== What to work on ==
In the data below, find the line containing "Obecnie krawężniki po" and the line containing "腦組織氧分壓(p??O?):爆發抑制期p??O?顯著升高(40.2 vs. 27.8", then reproduce them and every line between, exactly. Omit pictures.

== Input material ==
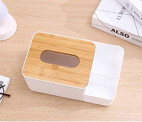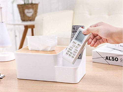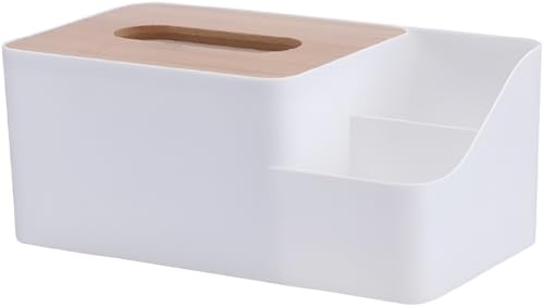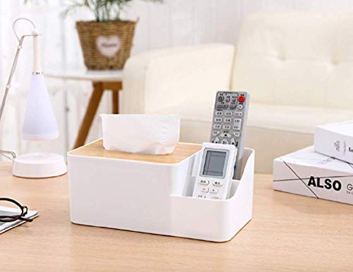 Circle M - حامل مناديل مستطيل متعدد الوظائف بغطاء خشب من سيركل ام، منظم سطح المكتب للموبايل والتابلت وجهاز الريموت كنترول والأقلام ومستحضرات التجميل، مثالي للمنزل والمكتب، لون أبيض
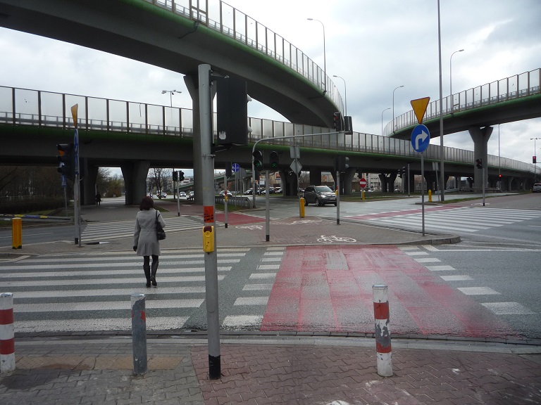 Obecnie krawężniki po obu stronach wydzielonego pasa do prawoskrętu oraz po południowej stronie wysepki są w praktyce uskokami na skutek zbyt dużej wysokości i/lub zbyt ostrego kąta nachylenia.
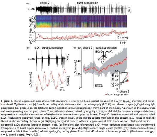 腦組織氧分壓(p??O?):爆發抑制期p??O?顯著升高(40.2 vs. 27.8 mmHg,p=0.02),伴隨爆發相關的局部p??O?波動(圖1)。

...

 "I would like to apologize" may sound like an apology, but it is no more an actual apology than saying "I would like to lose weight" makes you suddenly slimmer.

== Problem solution ==
 Obecnie krawężniki po obu stronach wydzielonego pasa do prawoskrętu oraz po południowej stronie wysepki są w praktyce uskokami na skutek zbyt dużej wysokości i/lub zbyt ostrego kąta nachylenia.
 腦組織氧分壓(p??O?):爆發抑制期p??O?顯著升高(40.2 vs. 27.8 mmHg,p=0.02),伴隨爆發相關的局部p??O?波動(圖1)。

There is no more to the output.